I recently went to a party for the 1st time since lockdown began in March. I've been on a weight loss journey for a few years but most substantial progress had been during the lockdown period. I became less fat, more muscular, and happier with my body, and now I would actually consider myself a fit person, and definitely a healthy one.
Then this party came around. I try to believe that I'm an individual who does their progress for myself and only myself, but deep down I do crave a little bit of acknowledgement. But I would have been fine if I didn't receive any acknowledgement. What really broke me down was that I actually received multiple fat jokes. Comments on my size, stature, weight, all of it.
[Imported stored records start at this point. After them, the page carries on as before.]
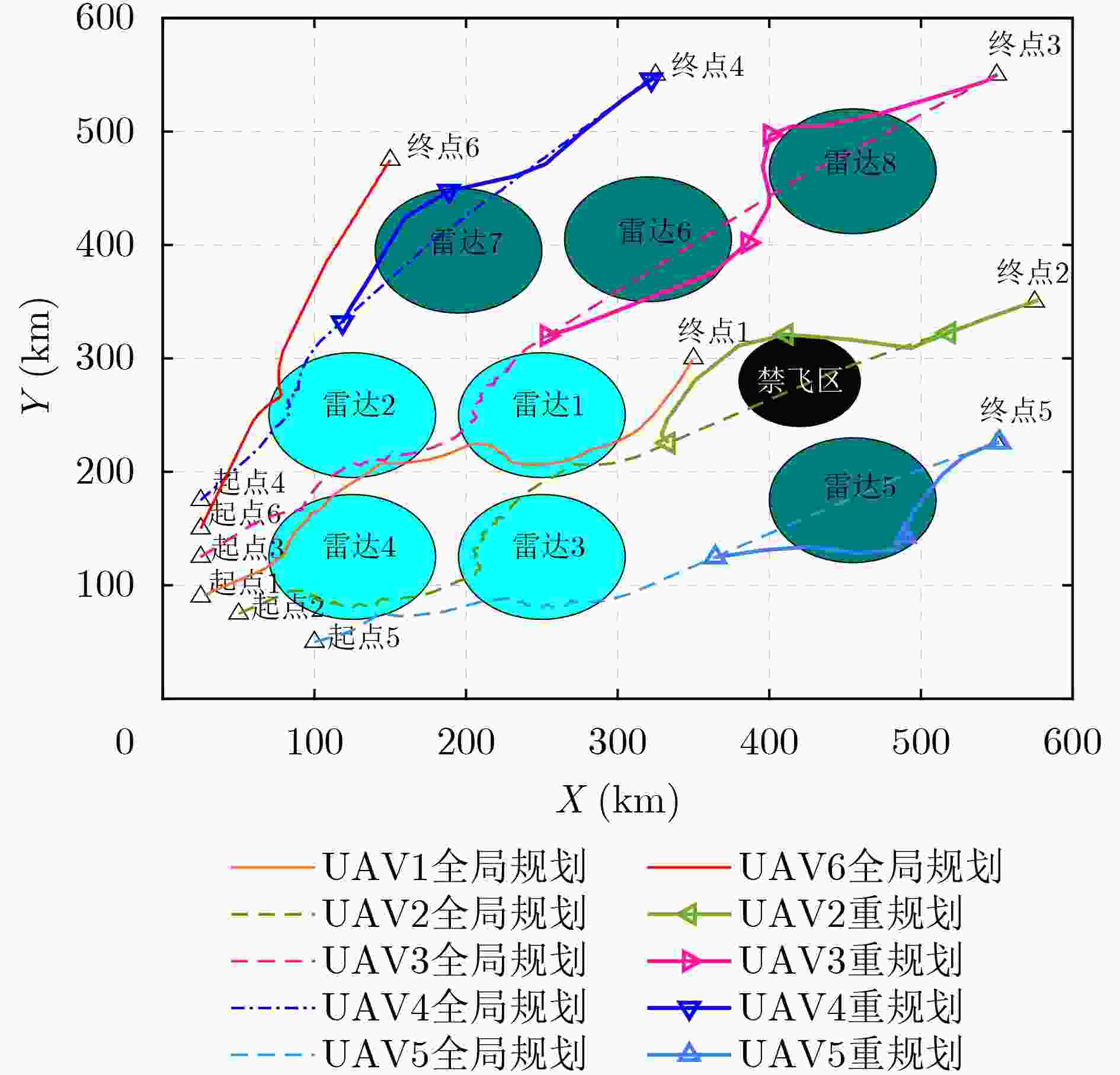 无人机序号 起点 终点 UAV1 (25, 90) (550, 550) UAV2 (50, 75) (390, 275) UAV3 (25, 125) (475, 385) UAV4 (25, 175) (300, 500) UAV5 (100, 50) (550, 225) UAV6 (25, 200) (200, 550) 表 2 场景1中威胁位置设置(km)
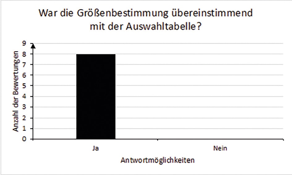 In der Testphase zeigte sich zunächst, dass die Orthese eine geeignete Größenauswahl erlaubt: Die drei auswählbaren Orthesengrößen ermöglichten bei allen Patienten eine adäquate Versorgung mit der Orthese. Die zugrunde gelegten Auswahlkriterien der Tabelle zur Größenbestimmung verwiesen bei allen Patienten auf die richtige Orthesengröße, mit der sie schlussendlich auch versorgt wurden. Eine Nachpassung der Orthese durch thermoplastische Verformung oder Zuschliff des Orthesenverlaufs war bei keinem Patienten notwendig.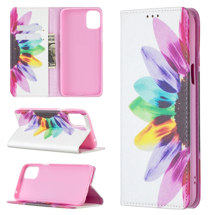 Funda de Cuero PU para LG K42 con Patrón Invisible, Soporte, Tragamonedas y Billetera (Flor de Sol)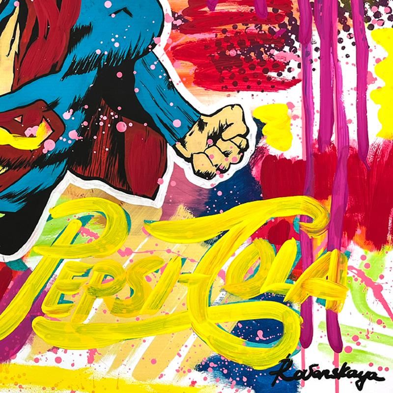 "Superhero" is a one-of-a-kind mixed media on deckle edge paper by Nastya Rovenskaya; hand signed by the artist. This piece comes custom framed and includes letter of authenticity. Measures approximately 36" x 46" (framed), 30" x 40" (image).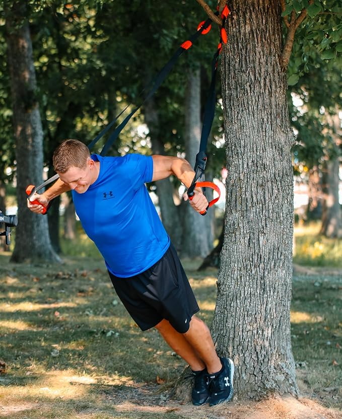 - Industrial-strength suspension straps are built for punishing workouts. Quickly change between high and low exercises. EASY-IN molded foot cradles retain shape for SAFER use when training lower body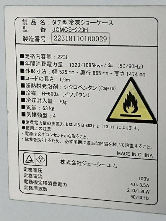 他の画像を見る 2022年製 JCM 冷凍ショーケース JCMCS-223H 東京町田店 中古品 単相100V 販売価格 ¥ 44,000 税込 SOLD OUT W530xD670xH1455商品ランク:B 詳細を見る お気に入りに登録する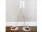 12 ft twin cord, 6 ft extension cords on each side from 2-prong splitter in the middle. The design allows you to hug the wall behind any dresser, table, tv, couch, table, nightstand, bed or other furniture.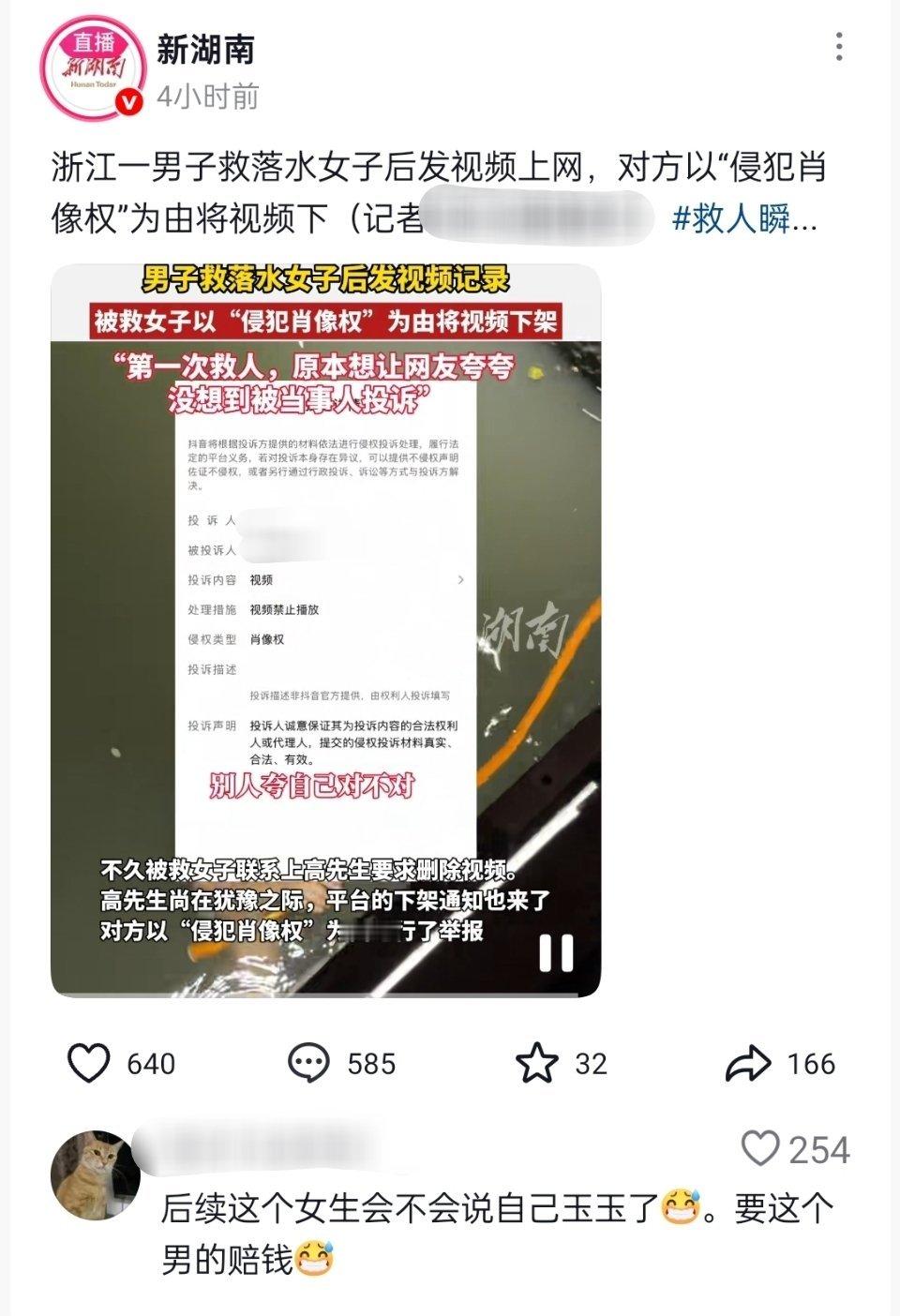 浙江一男子救落水女子后,将见义勇为的视频发到上网,被对方投诉“侵犯肖像权”。[摊手][摊手]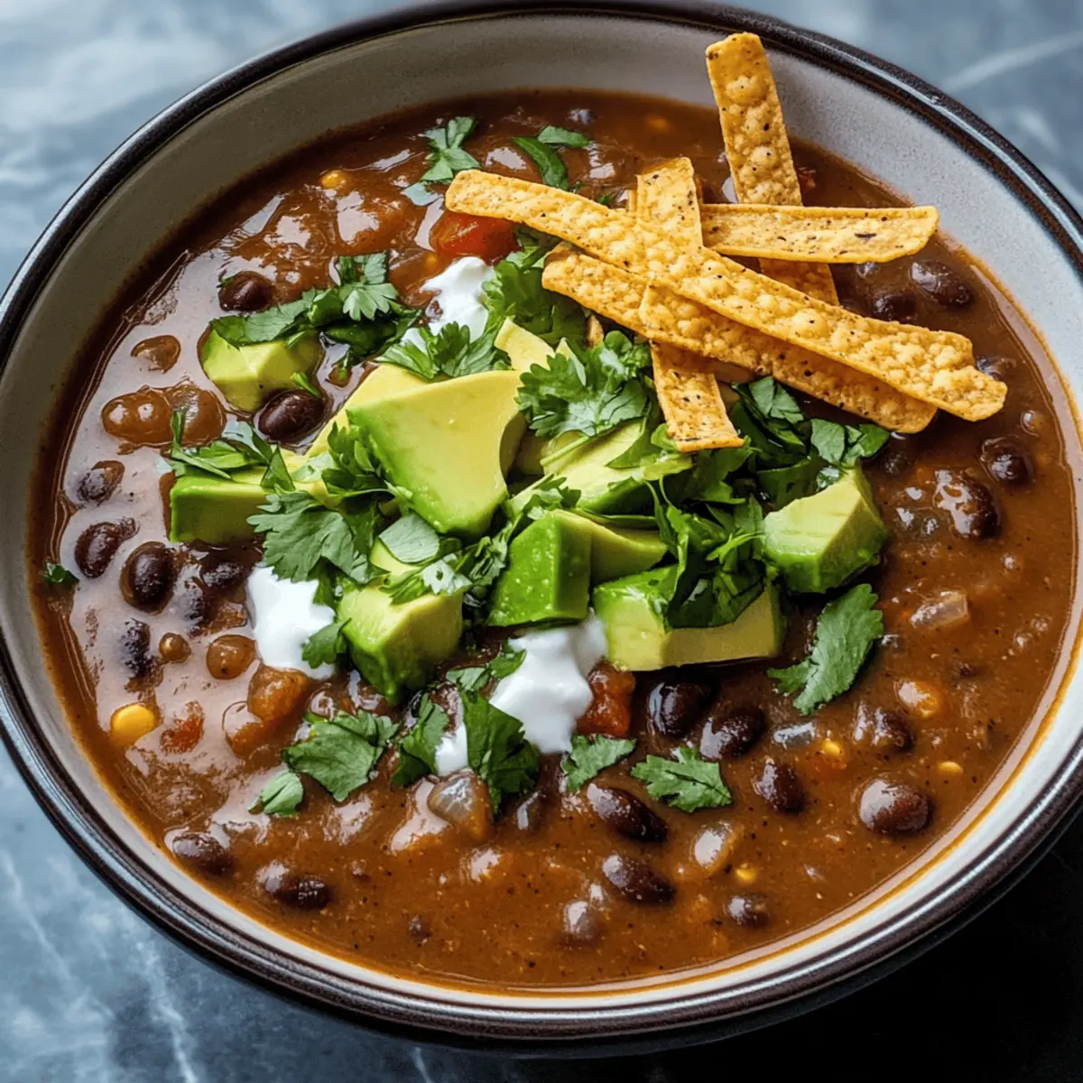 • Würze nach Geschmack: Passe die Menge an Chili-Pulver und Kreuzkümmel an deine Vorlieben an. So wird die Easy Black Bean Soup genau nach deinem Gusto!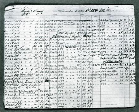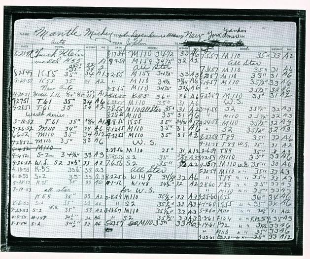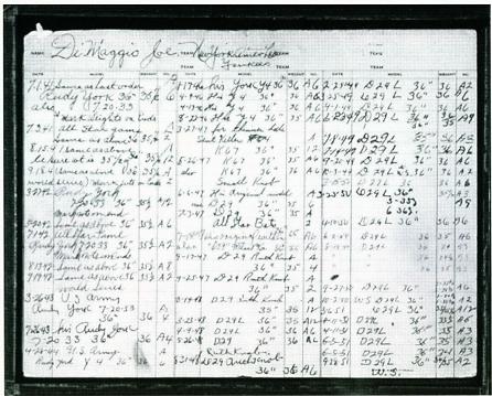 model ordered. Access to this information has proven to be extremely valuable to the hobby. This information has allowed collectors to distinguish between bats actually ordered and used by the player whose name appears on the barrel opposed to those bats that were ordered and sent to minor league team, town teams, and college teams. For instance, I owned a late 40s era Joe DiMaggio H&B. It was a model D29 with all of the appropriate labeling for a professional model H&B bat. However, it was 34” long. According to H&B records DiMaggio never ordered a 34” D29 during that era. So the question was…was it a DiMaggio gamer or something else? Well, there are a couple of possibilities. One possibility is that it was a professional model bat ordered and used by a minor league club. The other possibility is that, based on DiMaggio’s popularity, H&B made his model bats available to the public at some point. The third, and most appealing to the owner of the bat, was that it was a bat ordered and used by DiMaggio that was either recorded incorrectly in H&B records or not recorded at all. Never the less, since its existence was not supported by the H&B shipping records, the value and interest was significantly impacted. To give you some indication, a DiMaggio gamer in nice condition and supported by H&B records would fetch $10-$15,000. Whereas, the bat that I owned was sold to another collector, knowing full well about the fact that its existence was supported by the H&B shipping records, for $2,000. A copy of the H&B shipping records showing the bats DiMaggio ordered from 1941-1944 is shown below. Since the process for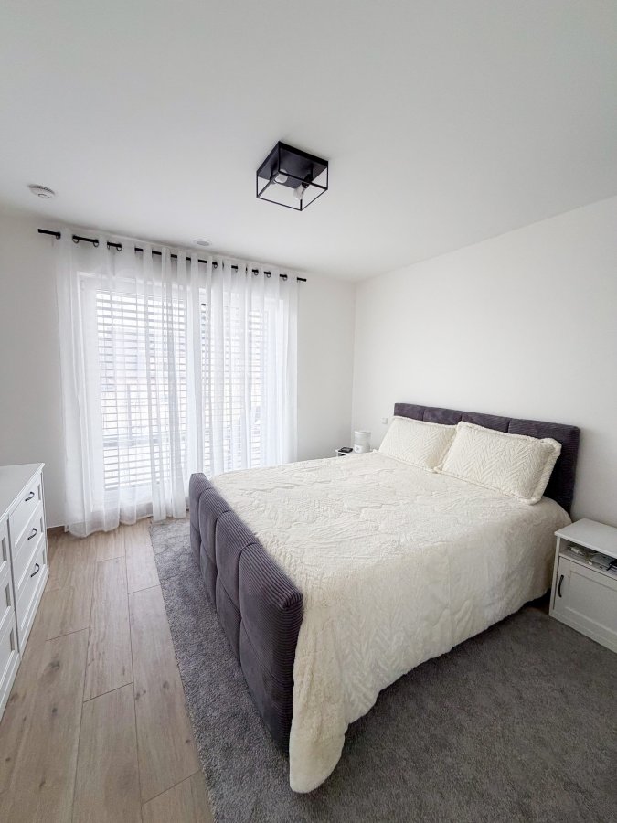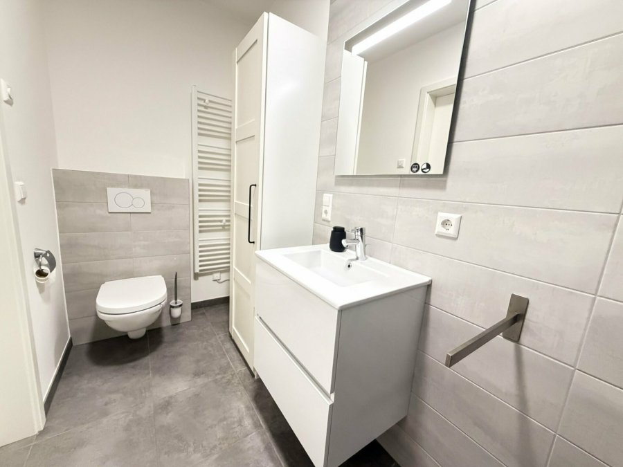 La chambre est confortable et bien agencée, la salle de bain contemporaine, et le WC séparé apporte un supplément de praticité au quotidien.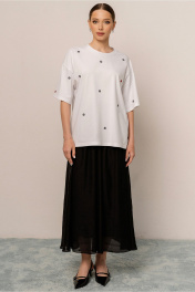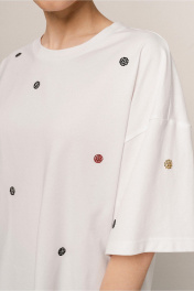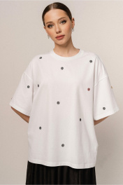 поступит на склад через 7 дней Джемпер молодежный из трикотажного полотна(кулирка) , прямого обьемного силуэта со спущенным рукавом и округлой линией горловины . По переду принт стразами горошек Длина 68 см ширина по линии груди и бедер 58см. (42-48рр) Длина рукава 20 см длина плеча 23 см
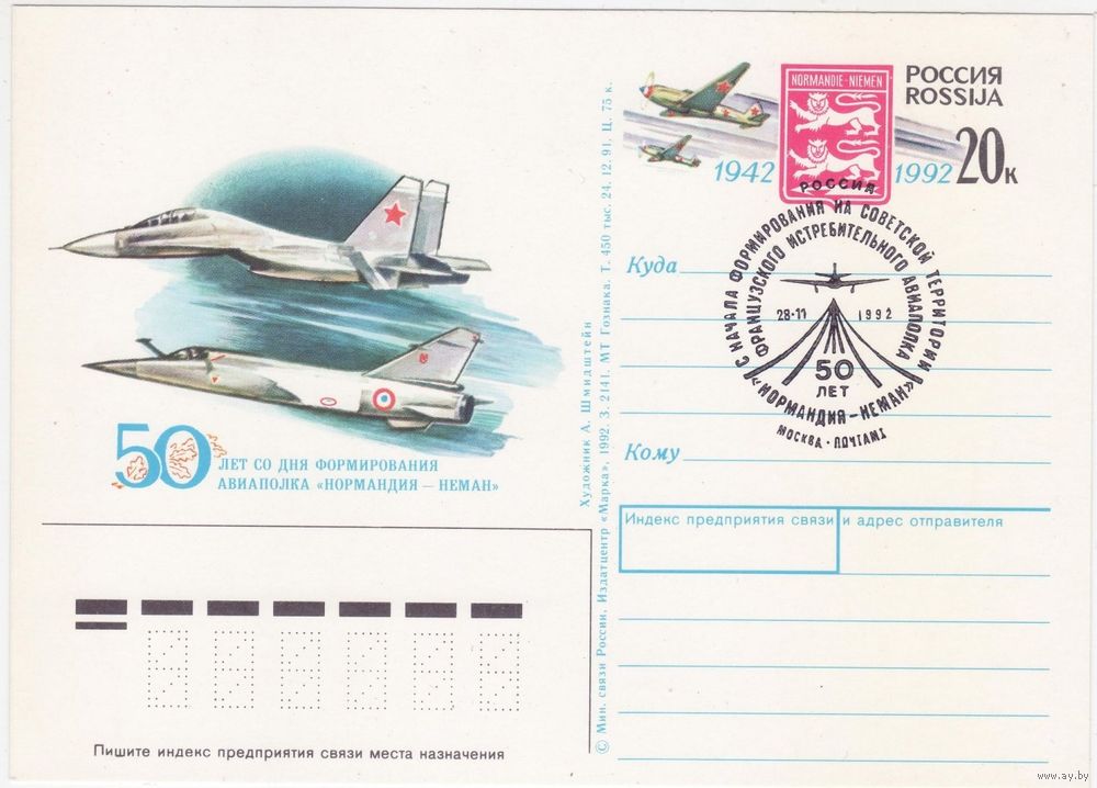 ПК с ОМ Россия 1992. 50 лет формирования полка Нормандия-Неман. (СГ- Москва 1992)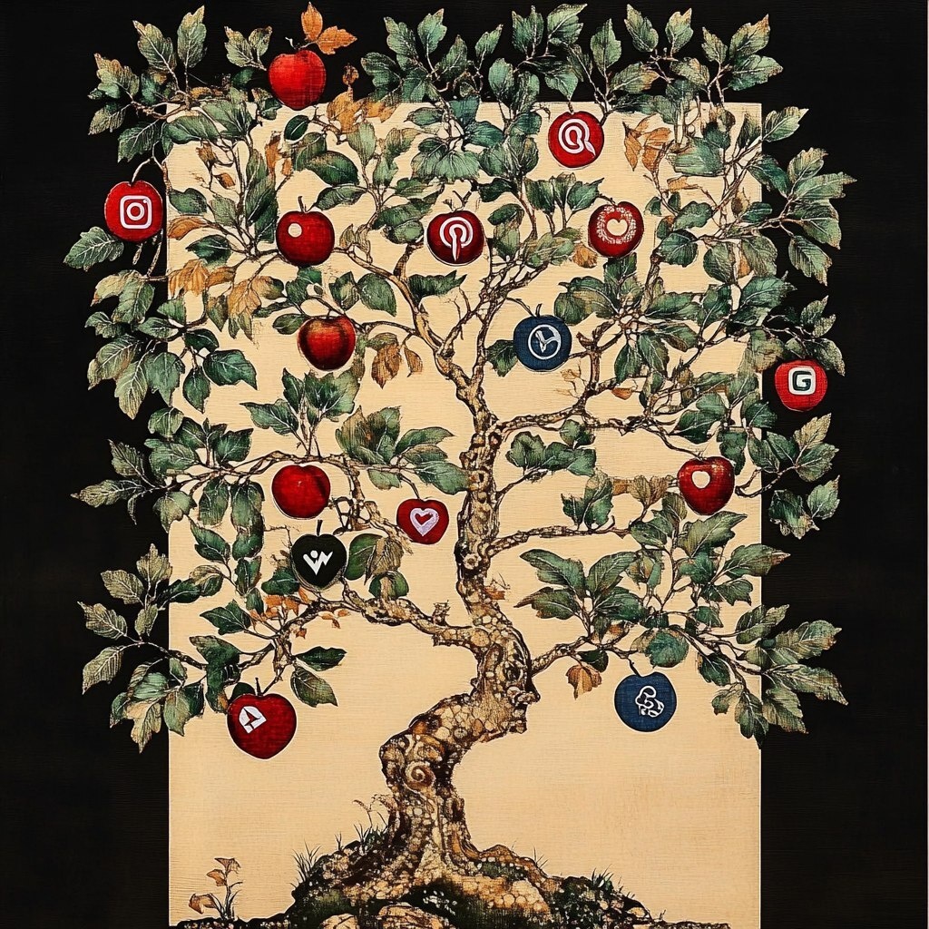 Создано на основе запроса: tree with social media logos in the leaves, Edo period wood block print art piece by artist Utagawa Hiroshim --- Автоперевод: Дерево с логотипами социальных сетей в листьях, Edo Perio Perio Круто выглядит? 🤔 https://dzen.ru/id/65c0c65c86e4f837c27b24d7 #ИИ #AI #нейросеть #midjourney #art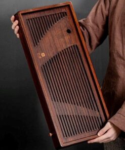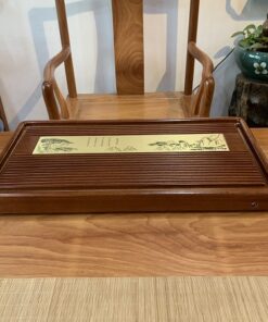 Khay trà tre đựng ấm chén dạng hộp màu gỗ 40x28cm đẹp KTT05

Accompany this with my history of being a loner with very few friends and you end up with me having a breakdown, crying myself to sleep and starving myself into a 3000 calorie deficit out of pure sadness. I'm normally a confident person but this made me feel like all my progress is for nothing. It's caused a resurgence in depression and anxiety with me taking a day off of working out even though I normally would have gone. It hurt me more than any other feeling could.
My message with this post is simple; please encourage kindness. Love each other. We're all fighting our own fight and it's already hard as is. So please, if you know anyone who's undergone a weight loss journey, give them a hug and tell them you're proud. Give them a friend. They need it more than you could possibly imagine.
Stay strong kings and queens. Stay hard.